[Dataset records]

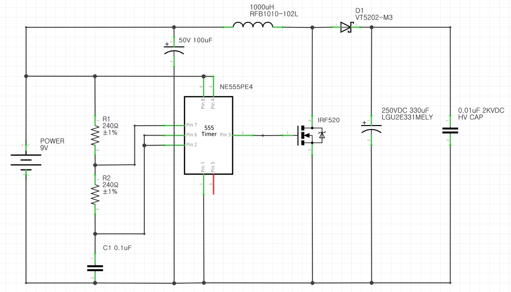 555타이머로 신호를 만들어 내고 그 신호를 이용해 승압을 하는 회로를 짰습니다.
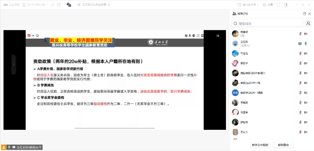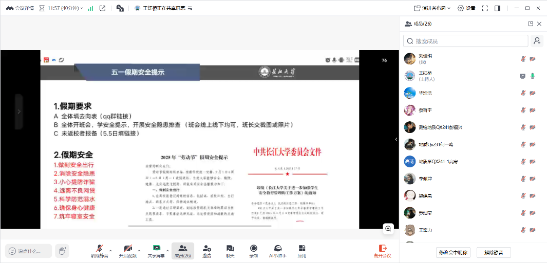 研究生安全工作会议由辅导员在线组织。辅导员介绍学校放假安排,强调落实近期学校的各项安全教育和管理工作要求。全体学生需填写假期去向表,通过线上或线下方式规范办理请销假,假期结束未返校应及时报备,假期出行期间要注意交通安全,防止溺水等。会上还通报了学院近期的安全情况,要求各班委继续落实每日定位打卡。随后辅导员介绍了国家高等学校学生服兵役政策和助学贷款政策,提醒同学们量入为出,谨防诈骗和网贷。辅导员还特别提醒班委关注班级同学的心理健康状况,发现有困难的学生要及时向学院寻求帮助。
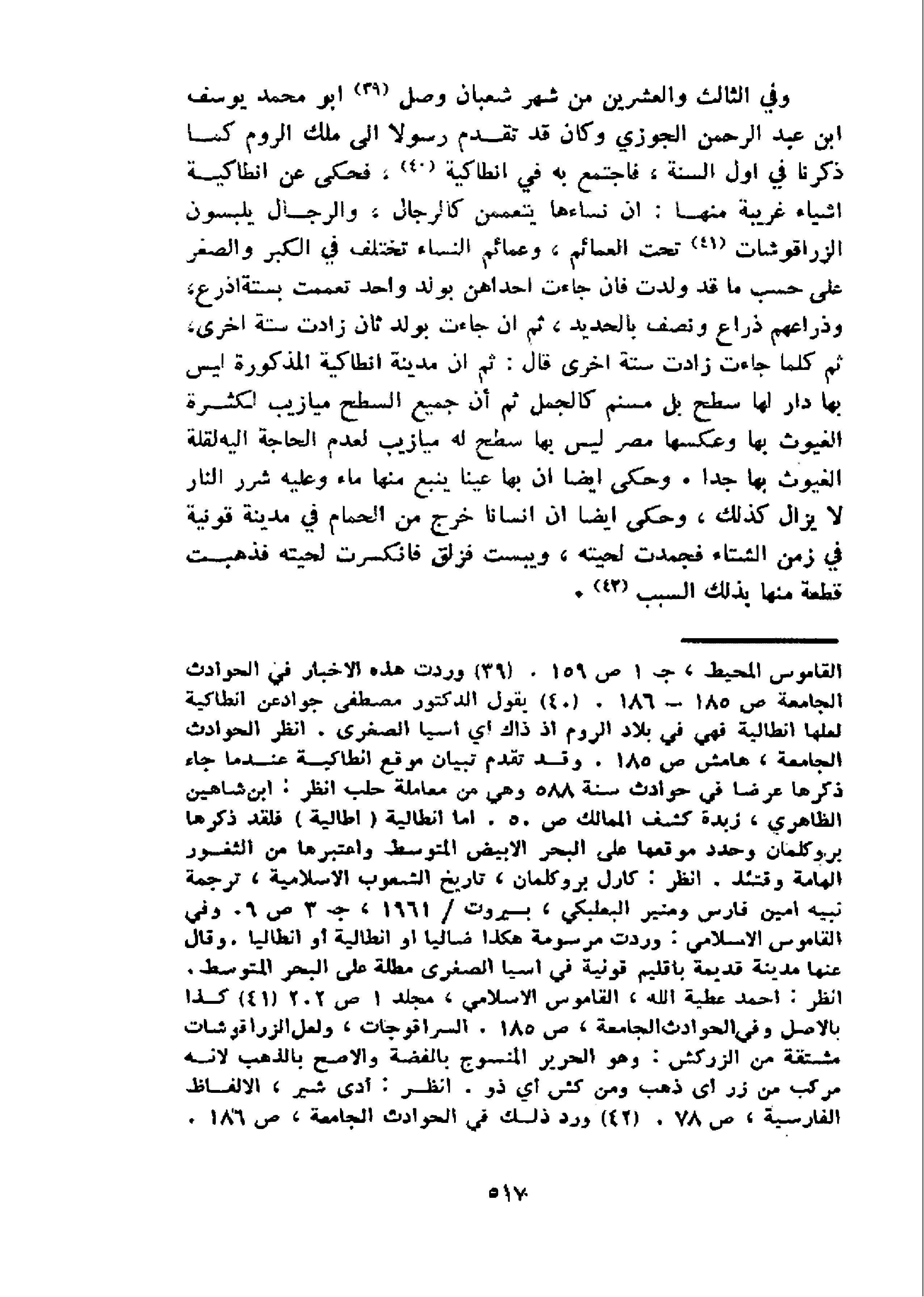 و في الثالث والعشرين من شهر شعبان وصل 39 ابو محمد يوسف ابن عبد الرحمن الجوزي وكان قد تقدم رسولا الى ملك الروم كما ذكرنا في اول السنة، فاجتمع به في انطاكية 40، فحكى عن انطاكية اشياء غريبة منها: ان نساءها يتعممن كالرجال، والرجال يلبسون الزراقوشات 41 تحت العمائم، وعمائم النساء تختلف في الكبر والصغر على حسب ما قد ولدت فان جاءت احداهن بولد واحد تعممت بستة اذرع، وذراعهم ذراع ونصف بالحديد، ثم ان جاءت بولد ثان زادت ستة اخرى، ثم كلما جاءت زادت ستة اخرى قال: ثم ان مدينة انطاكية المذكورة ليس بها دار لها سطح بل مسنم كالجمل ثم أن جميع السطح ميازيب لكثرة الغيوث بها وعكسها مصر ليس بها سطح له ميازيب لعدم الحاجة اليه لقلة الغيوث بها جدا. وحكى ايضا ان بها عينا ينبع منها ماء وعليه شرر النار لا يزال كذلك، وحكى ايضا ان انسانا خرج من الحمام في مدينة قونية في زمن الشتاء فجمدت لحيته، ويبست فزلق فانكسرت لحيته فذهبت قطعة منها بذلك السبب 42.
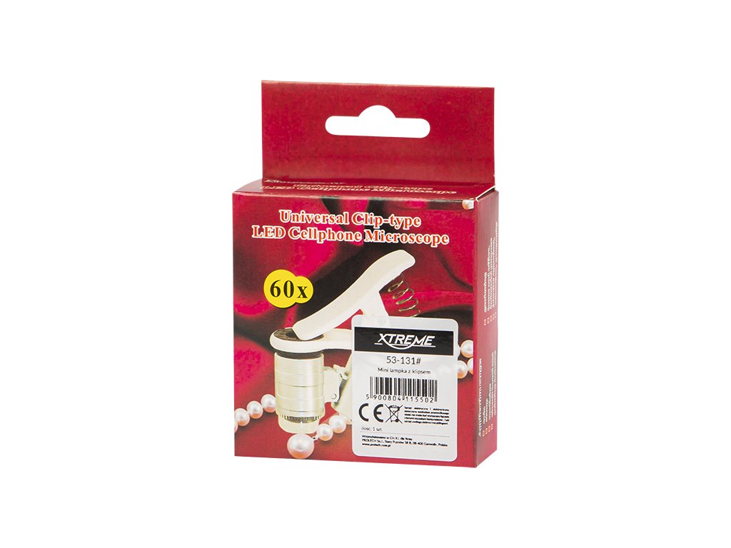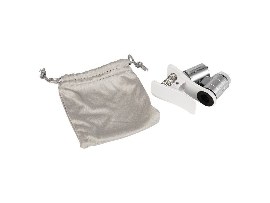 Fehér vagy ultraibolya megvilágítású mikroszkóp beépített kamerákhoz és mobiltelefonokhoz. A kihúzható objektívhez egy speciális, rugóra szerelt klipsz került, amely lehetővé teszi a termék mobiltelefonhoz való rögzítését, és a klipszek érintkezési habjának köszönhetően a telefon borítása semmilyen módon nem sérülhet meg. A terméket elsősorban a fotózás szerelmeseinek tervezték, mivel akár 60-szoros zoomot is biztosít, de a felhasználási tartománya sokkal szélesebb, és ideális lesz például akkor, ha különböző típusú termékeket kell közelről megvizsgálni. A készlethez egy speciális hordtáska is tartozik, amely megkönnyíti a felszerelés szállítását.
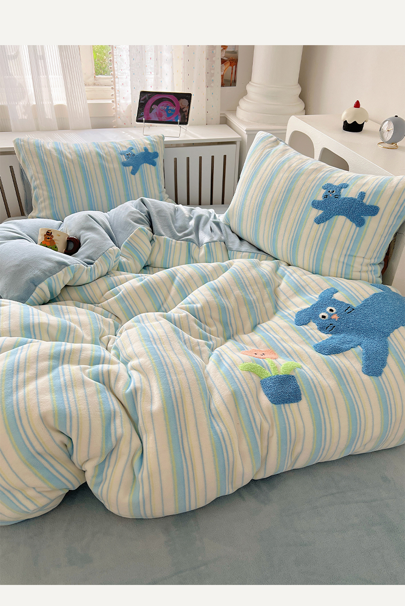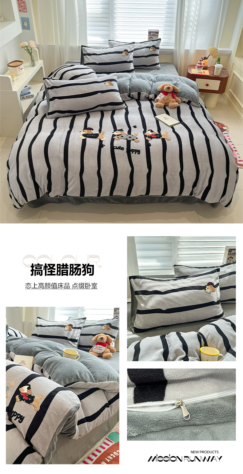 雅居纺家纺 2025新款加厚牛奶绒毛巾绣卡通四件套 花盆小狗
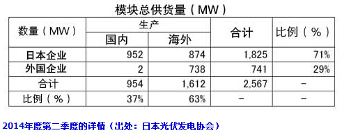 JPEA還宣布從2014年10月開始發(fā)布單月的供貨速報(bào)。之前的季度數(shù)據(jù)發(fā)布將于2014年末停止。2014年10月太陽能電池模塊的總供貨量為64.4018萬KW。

### EXERCISE
Every line above should be printed again word for word, without its pictures.

### SOLUTION TO THIS TASK
 555타이머로 신호를 만들어 내고 그 신호를 이용해 승압을 하는 회로를 짰습니다.
 研究生安全工作会议由辅导员在线组织。辅导员介绍学校放假安排,强调落实近期学校的各项安全教育和管理工作要求。全体学生需填写假期去向表,通过线上或线下方式规范办理请销假,假期结束未返校应及时报备,假期出行期间要注意交通安全,防止溺水等。会上还通报了学院近期的安全情况,要求各班委继续落实每日定位打卡。随后辅导员介绍了国家高等学校学生服兵役政策和助学贷款政策,提醒同学们量入为出,谨防诈骗和网贷。辅导员还特别提醒班委关注班级同学的心理健康状况,发现有困难的学生要及时向学院寻求帮助。
 و في الثالث والعشرين من شهر شعبان وصل 39 ابو محمد يوسف ابن عبد الرحمن الجوزي وكان قد تقدم رسولا الى ملك الروم كما ذكرنا في اول السنة، فاجتمع به في انطاكية 40، فحكى عن انطاكية اشياء غريبة منها: ان نساءها يتعممن كالرجال، والرجال يلبسون الزراقوشات 41 تحت العمائم، وعمائم النساء تختلف في الكبر والصغر على حسب ما قد ولدت فان جاءت احداهن بولد واحد تعممت بستة اذرع، وذراعهم ذراع ونصف بالحديد، ثم ان جاءت بولد ثان زادت ستة اخرى، ثم كلما جاءت زادت ستة اخرى قال: ثم ان مدينة انطاكية المذكورة ليس بها دار لها سطح بل مسنم كالجمل ثم أن جميع السطح ميازيب لكثرة الغيوث بها وعكسها مصر ليس بها سطح له ميازيب لعدم الحاجة اليه لقلة الغيوث بها جدا. وحكى ايضا ان بها عينا ينبع منها ماء وعليه شرر النار لا يزال كذلك، وحكى ايضا ان انسانا خرج من الحمام في مدينة قونية في زمن الشتاء فجمدت لحيته، ويبست فزلق فانكسرت لحيته فذهبت قطعة منها بذلك السبب 42.
 Fehér vagy ultraibolya megvilágítású mikroszkóp beépített kamerákhoz és mobiltelefonokhoz. A kihúzható objektívhez egy speciális, rugóra szerelt klipsz került, amely lehetővé teszi a termék mobiltelefonhoz való rögzítését, és a klipszek érintkezési habjának köszönhetően a telefon borítása semmilyen módon nem sérülhet meg. A terméket elsősorban a fotózás szerelmeseinek tervezték, mivel akár 60-szoros zoomot is biztosít, de a felhasználási tartománya sokkal szélesebb, és ideális lesz például akkor, ha különböző típusú termékeket kell közelről megvizsgálni. A készlethez egy speciális hordtáska is tartozik, amely megkönnyíti a felszerelés szállítását.
 雅居纺家纺 2025新款加厚牛奶绒毛巾绣卡通四件套 花盆小狗
 JPEA還宣布從2014年10月開始發(fā)布單月的供貨速報(bào)。之前的季度數(shù)據(jù)發(fā)布將于2014年末停止。2014年10月太陽能電池模塊的總供貨量為64.4018萬KW。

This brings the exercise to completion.